Infants with cystic fibrosis (CF) develop early progressive lung disease which may be asymptomatic. Infant pulmonary function tests (IPFT) and controlled ventilation-high resolution computed tomography (CV-HRCT) of chest can detect early asymptomatic lung disease. It is not well established that these objective measures can detect changes in lung disease after clinical interventions.

Objective

The purpose of this study was to evaluate usefulness of IPFT and CV-HRCT to detect changes in lung disease after intravenous (IV) antibiotic therapy in infants with early CF-related lung disease.

Study Design

IPFTs and CV-HRCT done before and after 2 weeks of IV antibiotics in infants at our institution over the last 12 years were compared. CV-HRCTs were compared using the modified Brody scoring system.

Results

The sample included 21 infants, mean age 85.2 ± 47.6 weeks.

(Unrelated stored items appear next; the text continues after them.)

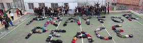 Οι μαθητές σχημάτισαν με τα σακίδιά τους την φράση PRAY FOR PEACE στην αυλή του σχολείου!!!!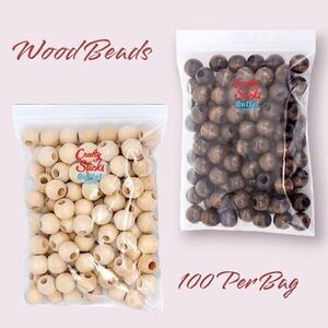 Two new bags of 16mm wood beads in the original packaging. There are 100 beads per bag, for 200 beads total.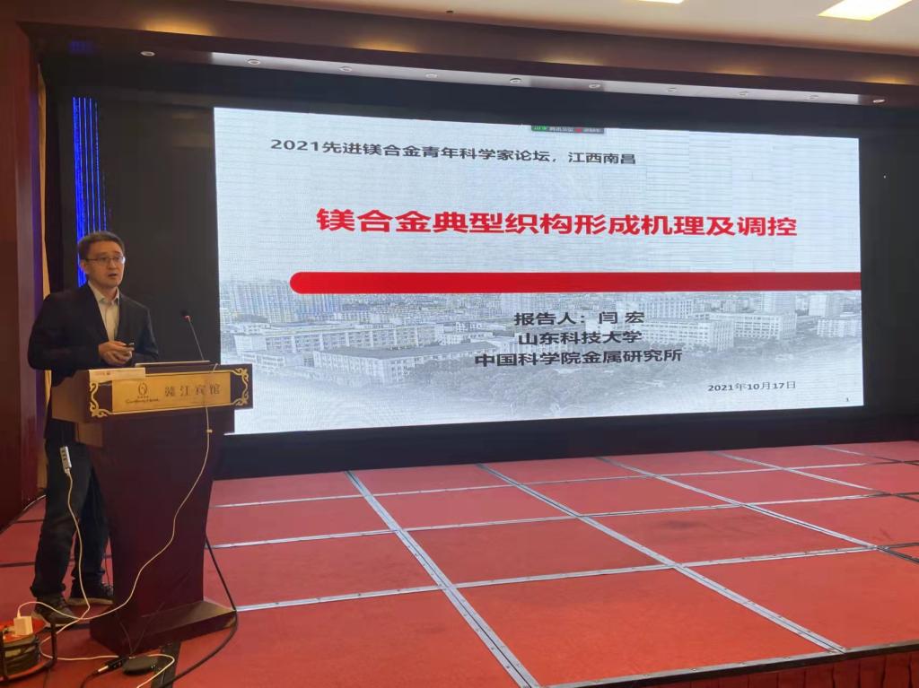 2021年10月15日至18日,由南昌大学主办的“2021先进镁合金青年科学家论坛”在江西南昌召开。今年会官网教师闫宏参加会议并做了题为《镁合金典型织构形成机理与调控》的特邀报告,分享了在传统镁合金基面织构和高塑性镁合金材料非基面织构的形成机理以及织构调控方法的最新研究成果,并与参会专家、学者和企业进行了学术和技术交流讨论。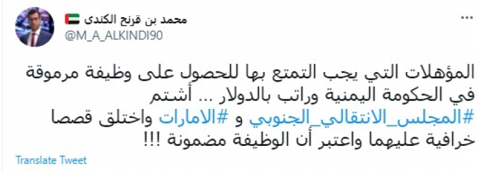 وكتب في تغريدة عبر "تويتر" رصدها "المشهد العربي": "المؤهلات التي يجب التمتع بها للحصول على وظيفة مرموقة في الحكومة اليمنية وراتب بالدولار… اشتم المجلس الانتقالي الجنوبي والإمارات واختلق قصصا خرافية عليهما واعتبر أن الوظيفة مضمونة".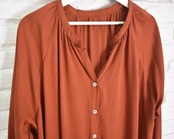 人気のスキッパーシャツのデザインで長袖ワンピースを製作しました。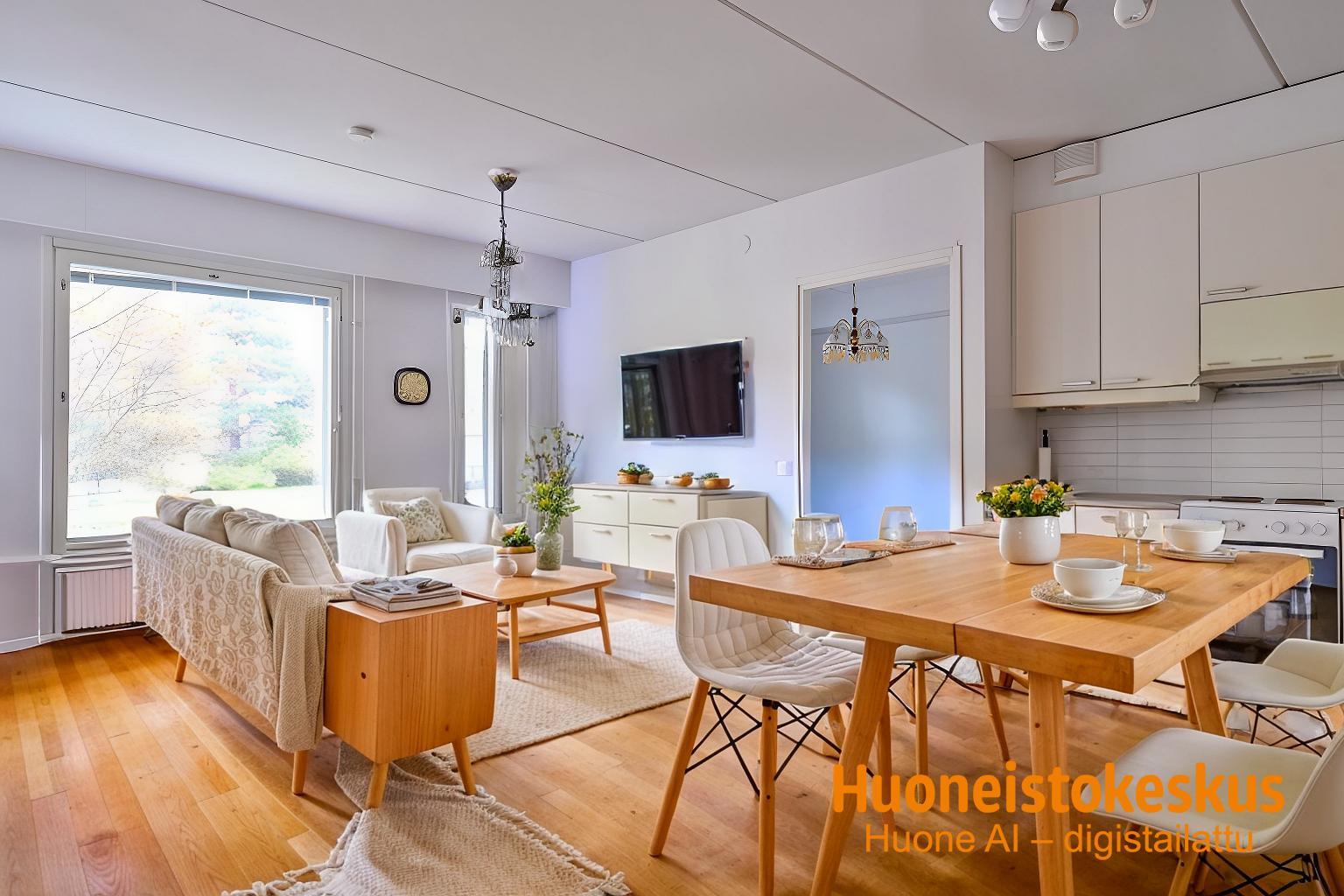 Tämä Oulunsalon palveluiden äärellä oleva kolmio etsiii uusia asukkaitaan! Isommassa makuuhuoneessa on kulmaikkuna, josta tulvii valoa huoneeseen. Pienemmässä makuuhuoneessa on suuri vaatehuone, joka tuo valtavasti lisää säilytystilaa. Tupakeittiö ja olohuone ovat yhtä tilaa ja tilaan mahtuu ruokailu- ja sohvakalustojen lisäksi myös esimerkiksi työtila. Omassa saunassa voi nauttia löylyistä juuri silloin kuin itse haluaa.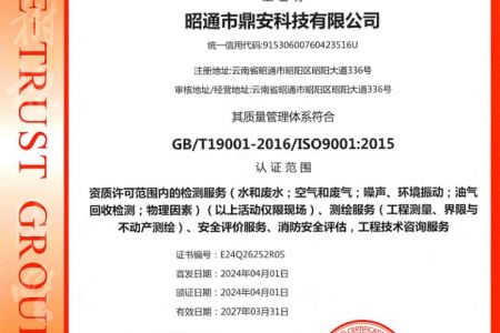 2003年11月10日,昭通市鼎安科技有限公司成立,初始主要從事第三方安全工程技術服務,經多年運營,發(fā)展為多專業綜合科技平臺,為社會提供多種專業技術服務工作。 現公司注冊資金為1200萬元,公司法定代表人:毛衛(wèi)旭。公司主要業務:安全評價、安全標準化評審、安全工程技術服務;環(huán)境監(jiān)測、職業衛(wèi)生檢測、檢驗;法律訴訟及非訴訟服務;司法鑒定、固定資產投資項目節(jié)能服務;工程咨詢;工程測量測繪;安全教育培訓等。是安全生產服務、安全教育培訓機構,也是環(huán)境監(jiān)測和職業衛(wèi)生服務機構,同時也是綜合的檢測檢驗、綜合科技平臺服務機構。多年來為公、檢、法、司、軍、警、海關、仲裁、安監(jiān)、工礦商貿企業、社會團體及個人提供多專業技術服務。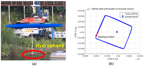 Experimental setup: (a) USV equipped with two hydrophones; and (b) vehicle path and location of acoustic source acquired from DGPS.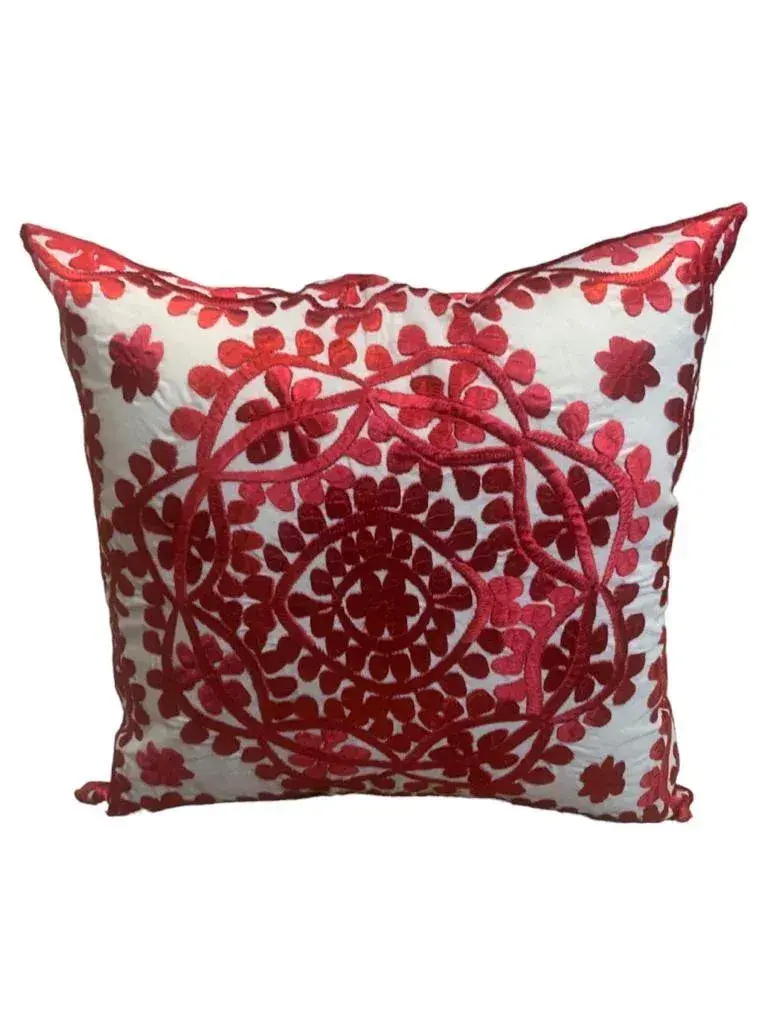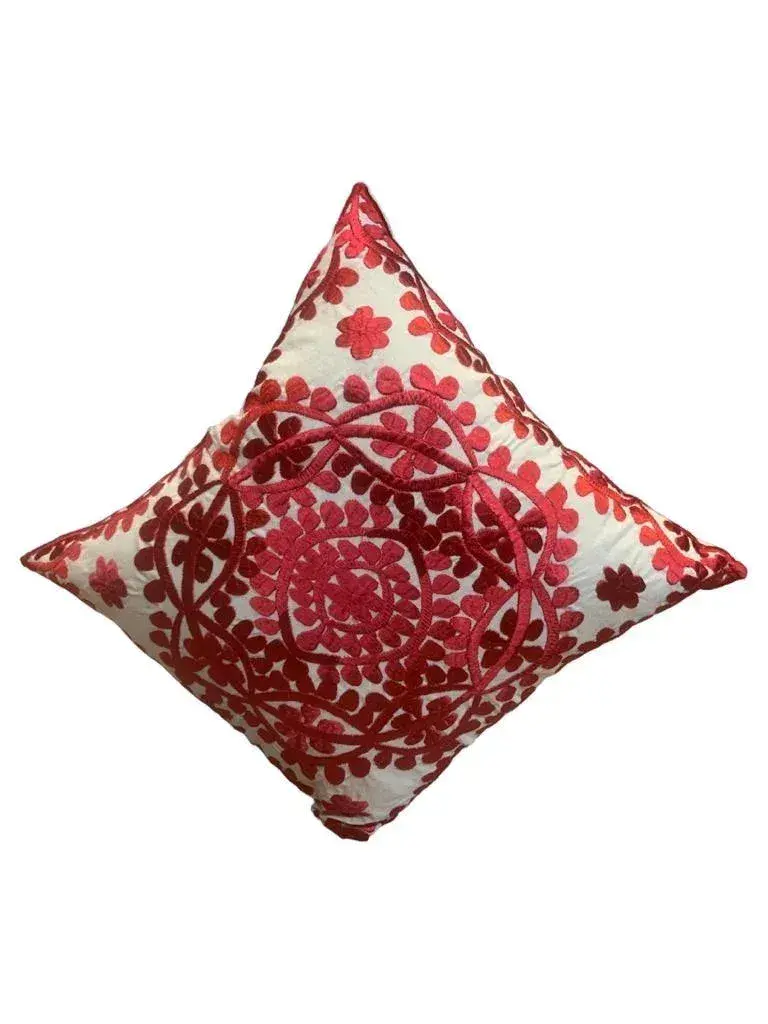 Hand-woven Moroccan woolen pillows from natural white wool as well as natural colored wool in blood red color Gazelle a beautiful pillow that gives aesthetics to the place where there are fillings copied from an ancient Berber Moroccan weave. The photos tell about the aesthetics of these pillows and the ingenuity of the women who wove them. These pillows that we send all over the world are not stuffed, which makes you choose the material you want to stuff them with. I recommend it to lovers of originality and traditional craftsmanship...

Mean change in weight was 0.4 ± 0.38 kg (p = 0.001). Significant changes in IPFT included mean % predicted FEV0.5 (+13.5 %, p = 0.043), mean %FEF25–75 (+30.2 %, p = 0.008), mean %RV/TLC (−11.2 %, p = 0.008), and mean %FRC/TLC (−4.5 %, p = 0.001). Total Brody scores improved from a median of 10 to 5 (p < 0.001) as did mean scores for airway wall thickening (p = 0.050), air trapping (p < 0.001), and parenchymal opacities (p = 0.003).

Conclusion

IPFT and CV-HRCT can be used as objective measures of improvement in lung disease for infants with CF treated with antibiotics.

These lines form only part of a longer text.